ChIP-seq data were analyzed with Galaxy47. The quality of raw reads was checked using FastQC (version. 0.11.9), and adapters were removed with fastp48. Trimmed raw reads were aligned to the Drosophila genome (dm6) using Bowtie249. Unmapped and low-quality reads were discarded (< = 20 mapQuality) using BamTools50. Duplicate reads were identified and removed from mapped reads using Picard MarkDuplicates (http://broadinstitute.github.io/picard). MACS251 was used to call peaks against control (Input or negative control, depending from the dataset) using default settings. Peaks were annotated to genomic features with ChIPseeker 52. Pairwise correlation of peaks was determined using Intervene53. MACS2 bedGraph pileups were used to generate normalized coverage of ChIP-seq signals using Deeptools bigWigCompare by computing the ratio of the signals (IP vs. Control/Input) using a 50 bp bin size. Deeptools multiBigwigSummary and plotCorrelation54 were used to determine genome-wide signal correlation using a 10 kb bin size. Deeptools computematrix Deeptools plotHeatmap54 was used with a 50 bp bin size to create enrichment profiles around peak centers (± 1 kb) in reference mode, or in a 2 kb scale region mode from transcription start site (TSS) to transcription end site (TES) to create enrichment profiles along the genes. Scale region mode also included the 1 kb flanking regions before TSS and after TES.

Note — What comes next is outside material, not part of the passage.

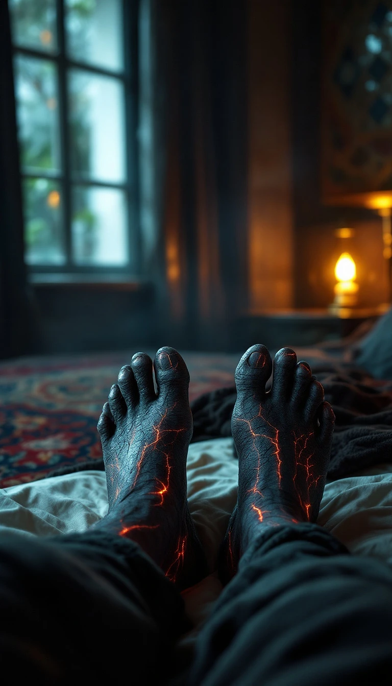 POV first-person, I am a jinn, lying on my bed. Only my feet are visible. My feet rest at the edge of the bed, unnatural in shape—twisted, inhuman. They are more like cloven hooves, resembling those of a goat or a ram, with a rough, dark texture. The thick, calloused skin appears cracked in places, as if aged by time itself. A faint, eerie glow pulses beneath the surface, trailing through the veins like ember lines in burnt wood. My toes don’t exist in the human sense—split into two sharp, curved sections, hard like worn stone. The room is a blend of modern Iranian design and an ancient, mystical presence. A Persian rug, richly patterned, stretches across the wooden floor. A brass lamp flickers dimly, its glow reflecting off decorative ceramic tiles embedded in the walls. A heavy, dark-colored blanket covers most of the bed, but even its warmth cannot mask the unnatural coldness radiating from my own body. The air is still, yet something unseen stirs in the shadows, making the atmosphere feel both familiar and unsettling.

Gene ontology (GO) terms were determined using g:profiler55. The list of Drosophila transcription factors was obtained from Flybase56 (Gene Ontology “DNA-binding transcription factor activity”). Time-course heatmap was generated with heamap2 after computing z-scores and performing an Euclidian clustering. Gene set of a specific GO-term were retrieved from AmiGO database57,58.